My setup is Veeam Backup & Replication 13 (build 13.01.1071) running against Proxmox VE 9.1.4 with daily scheduled backup jobs. Veeam previously deploys worker VMs on the Proxmox host to handle backup processing and shuts them down when each job finishes. The problem is they don't always come back up cleanly for the next job. Sometimes, a stale lock file gets left behind, or a start task gets stuck in pvedaemon, and the workers just sit offline until someone manually intervenes.

Note: I have deployed two Veeam proxmox workers as I like to have a little redundancy.


The error you'll see in the Proxmox task log is either:

Error: timeout waiting on systemd​

or​

can't lock file '/var/lock/qemu-server/lock-104.conf'​

What's actually happening is Proxmox starts the QEMU process fine, but then waits for the guest agent inside the VM to respond and times out. The stuck task holds a lock, every subsequent start attempt fails for the same reason, and without manual intervention the workers stay offline indefinitely.

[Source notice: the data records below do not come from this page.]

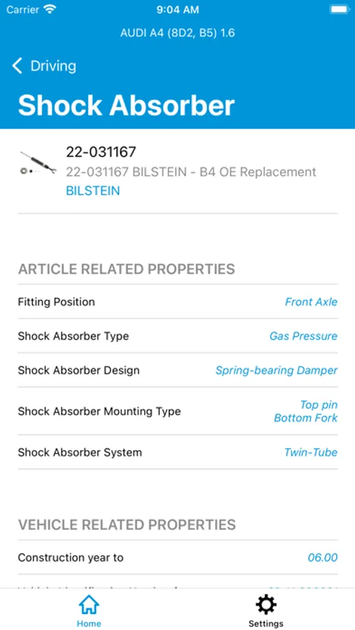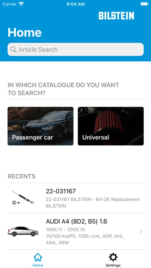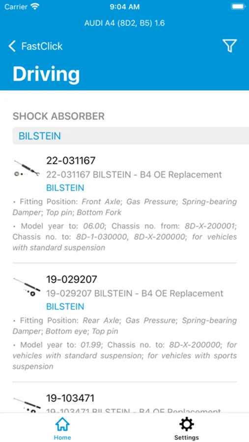 The app takes you directly to the article you want. Just select a vehicle manufacturer, model series, vehicle type and component, and you will immediately be shown the corresponding results from the BILSTEIN range.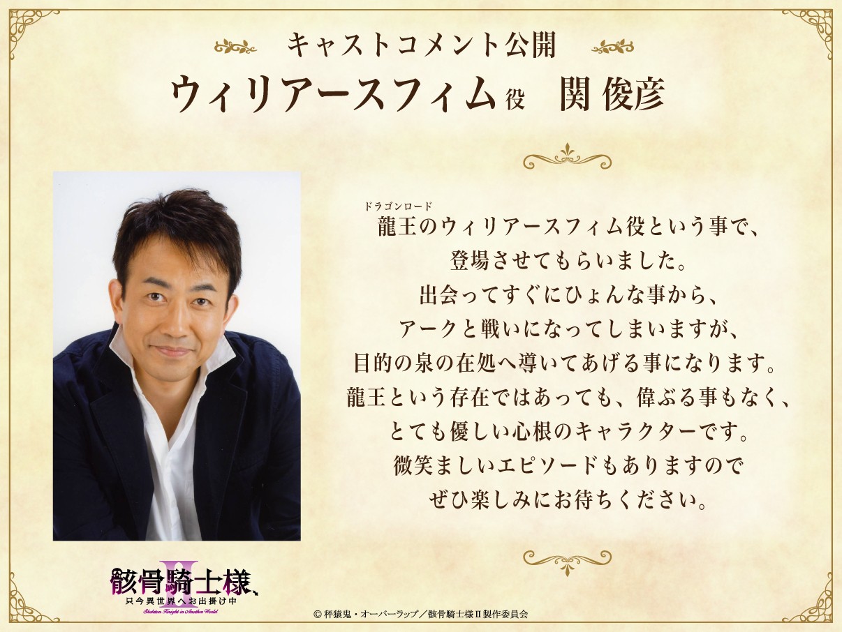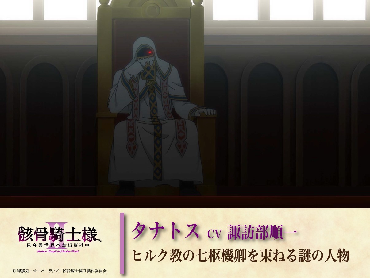 オーバーラップノベルスより刊行の「骸骨騎士様、只今異世界へお出掛け中」(著:秤猿鬼、イラスト:KeG)は、シリーズ累計(紙+電子)350万部突破の大人気作品です。MMORPGプレイ中に寝落ちしてしまい、目覚めると自身が使用していたゲームキャラの姿で、見知らぬ異世界に放り出されていた主人公の「アーク」。その姿は見た目が鎧、中身が全身骨格という〝骸骨騎士〟であり、それ故モンスターとして討伐されぬよう目立たず異世界を楽しもうと決意するのですが、お人好しのために目の前の悪事を見過ごせずに成敗を繰り広げてしまうという、爽快世直し異世界ファンタジーとなっております。今年7月より放送となるTVアニメ第2期の本PVがいよいよ公開となり、アークたちの旅路の先に、新たなる敵が立ちふさがる予感を感じさせる内容となっています。アークの呪いを解く鍵になるかもしれぬ泉の前に立ちふさがる龍王・ウィリアースフィム役を関 俊彦、チヨメと同じく獣人族の忍者であるサスケ役を小野賢章、ツボネ役を上田 瞳、エルフや獣人を排斥する宗教団体であるヒルク教の七枢機卿・パルルモ役を赤羽根健治、バルトード役を四宮 豪、その七枢機卿を束ねる謎の人物・タナトス役を諏訪部順一が演じることもPVで解禁となりました。さらに、関 俊彦、小野賢章、上田 瞳、諏訪部順一からのコメントも併せて公開となりました。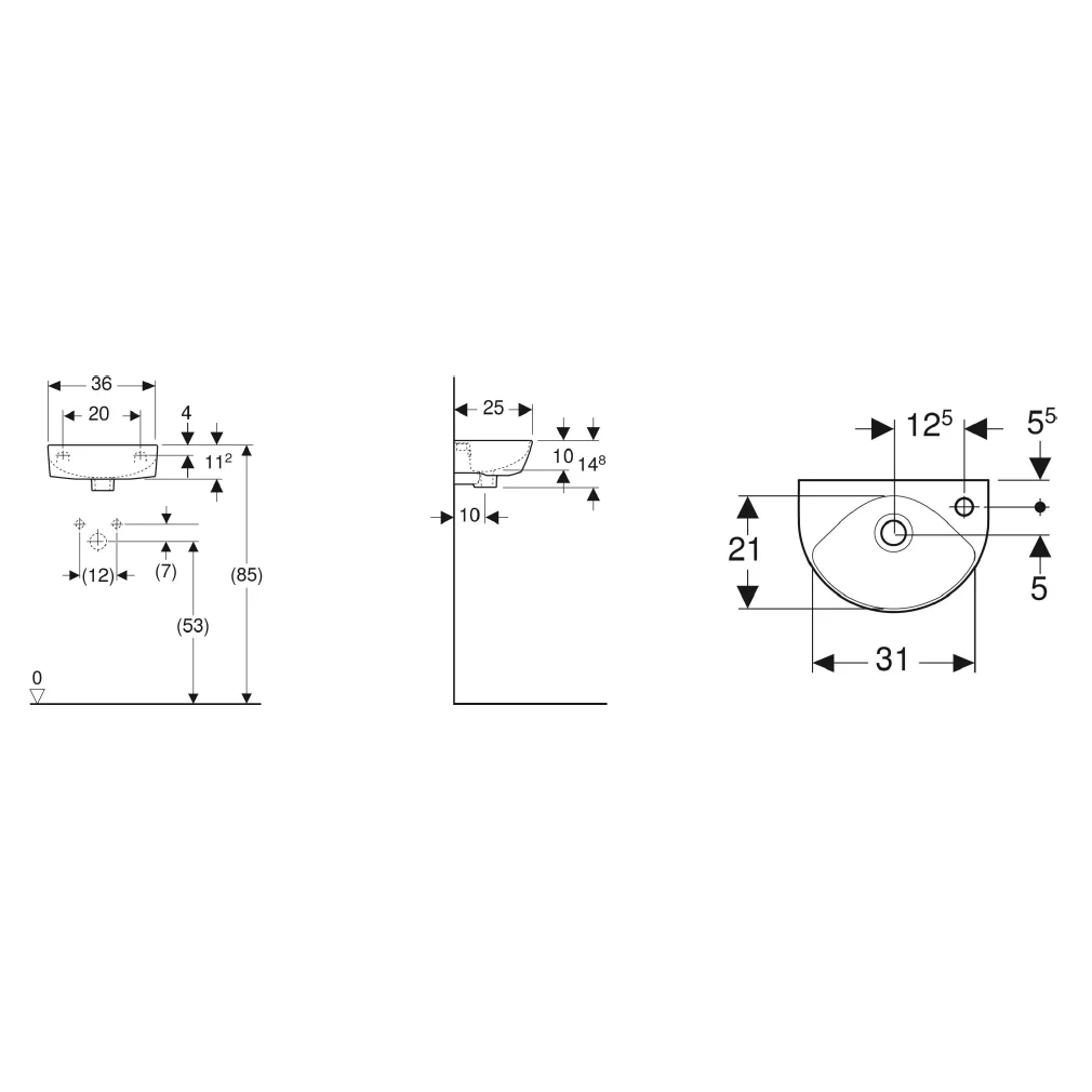 Geberit Renova Handwaschbecken 36 x 25 cm verkürzte Ausladung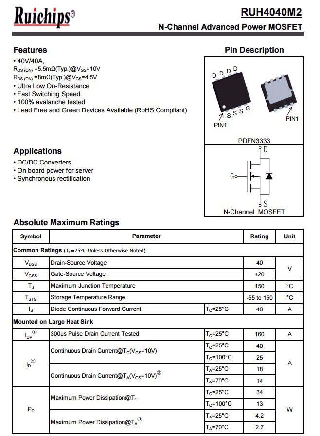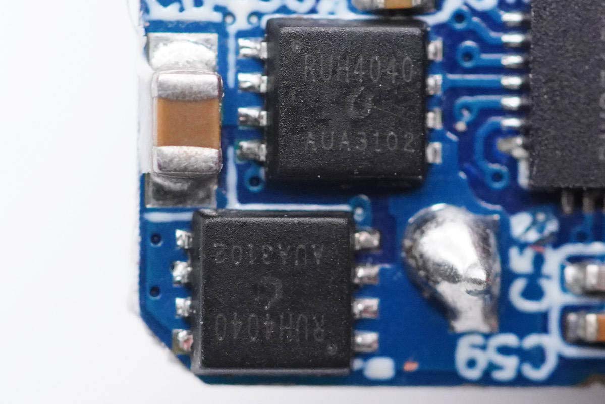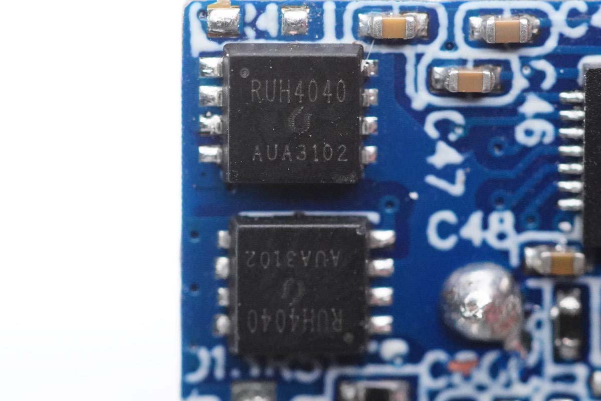 兩顆SW3516H均外掛兩顆MOS管,用于為USB口輸出同步整流降壓。MOS管為銳駿半導(dǎo)體的RUH4040M2,耐壓40V。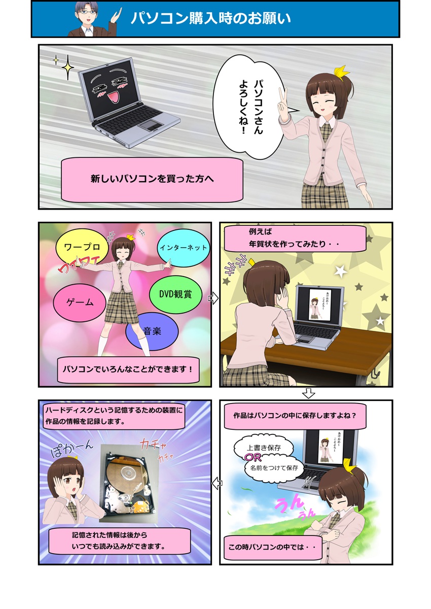 パソコンを購入された方に是非見ていただきたいことを漫画で説明していきたいと思います。

My fix was a simple bash watchdog script running as a cron job every hour. It checks if the worker VMs are running, clears any stale locks, kills stuck start tasks, and brings the VMs back up automatically. I've been running it for a couple of weeks now and haven't had to SSH in manually once. Sharing it here in case it saves another admin the same frustration.


The Solution​


A watchdog script that runs every hour via cron. It checks whether each worker VM is running, handles stale locks, kills zombie qmstart tasks, and starts the VM if needed. It also uses a startup timeout so it can never hang indefinitely like the default qm start behavior.

Setup​


Step 1: Create the script

Code:
nano /usr/local/bin/vm-watchdog.sh


Paste the following update the start_vm lines at the bottom to match your VM IDs:

Code:
#!/bin/bash

RETRY_FILE="/tmp/vm-watchdog-retries"
LOG_PREFIX="vm-watchdog"
QM_START_TIMEOUT=60  # seconds before we consider qm start hung

log() {
    echo "$(date): $1"
    logger -t "$LOG_PREFIX" "$1"
}

kill_stuck_qmstart() {
    local vm_id=$1
    local stuck_pids
    stuck_pids=$(ps aux | grep "task UPID.*qmstart:${vm_id}:" | grep -v grep | awk '{print $2}')
    if [ -n "$stuck_pids" ]; then
        log "VM $vm_id - Found stuck qmstart task(s): $stuck_pids — killing"
        kill -9 $stuck_pids 2>/dev/null
        sleep 2
        return 0
    fi
    return 1
}

is_qemu_running() {
    local vm_id=$1
    pgrep -f "kvm.*-id ${vm_id} " > /dev/null 2>&1
}

start_vm() {
    local vm_id=$1
    local lock_file="/var/lock/qemu-server/lock-${vm_id}.conf"
    local retry_count=0

    # --- Step 1: Check if QEMU is actually running at the process level ---
    if is_qemu_running $vm_id; then
        local qm_status
        qm_status=$(/usr/sbin/qm status $vm_id 2>/dev/null)
        if echo "$qm_status" | grep -q "running"; then
            sed -i "/^vm${vm_id}=/d" $RETRY_FILE 2>/dev/null
            return 0
        else
            log "VM $vm_id - QEMU process exists but Proxmox shows '$qm_status' — checking for stuck tasks"
            kill_stuck_qmstart $vm_id
            sleep 5
            if /usr/sbin/qm status $vm_id 2>/dev/null | grep -q "running"; then
                log "VM $vm_id - Proxmox now shows running after cleanup"
                sed -i "/^vm${vm_id}=/d" $RETRY_FILE 2>/dev/null
                return 0
            fi
        fi
    fi

    # --- Step 2: Check if VM is stopped per Proxmox ---
    if ! /usr/sbin/qm status $vm_id 2>/dev/null | grep -q "stopped"; then
        sed -i "/^vm${vm_id}=/d" $RETRY_FILE 2>/dev/null
        return 0
    fi

    # --- Step 3: Kill any stuck qmstart tasks before doing anything else ---
    if kill_stuck_qmstart $vm_id; then
        log "VM $vm_id - Killed stuck qmstart task(s), clearing state"
        rm -f $lock_file
        sed -i "/^vm${vm_id}=/d" $RETRY_FILE 2>/dev/null
        sleep 3
    fi

    # --- Step 4: Handle lock file ---
    if [ -f "$lock_file" ]; then
        if fuser "$lock_file" > /dev/null 2>&1; then
            retry_count=$(grep "^vm${vm_id}=" $RETRY_FILE 2>/dev/null | cut -d'=' -f2)
            retry_count=${retry_count:-0}
            retry_count=$((retry_count + 1))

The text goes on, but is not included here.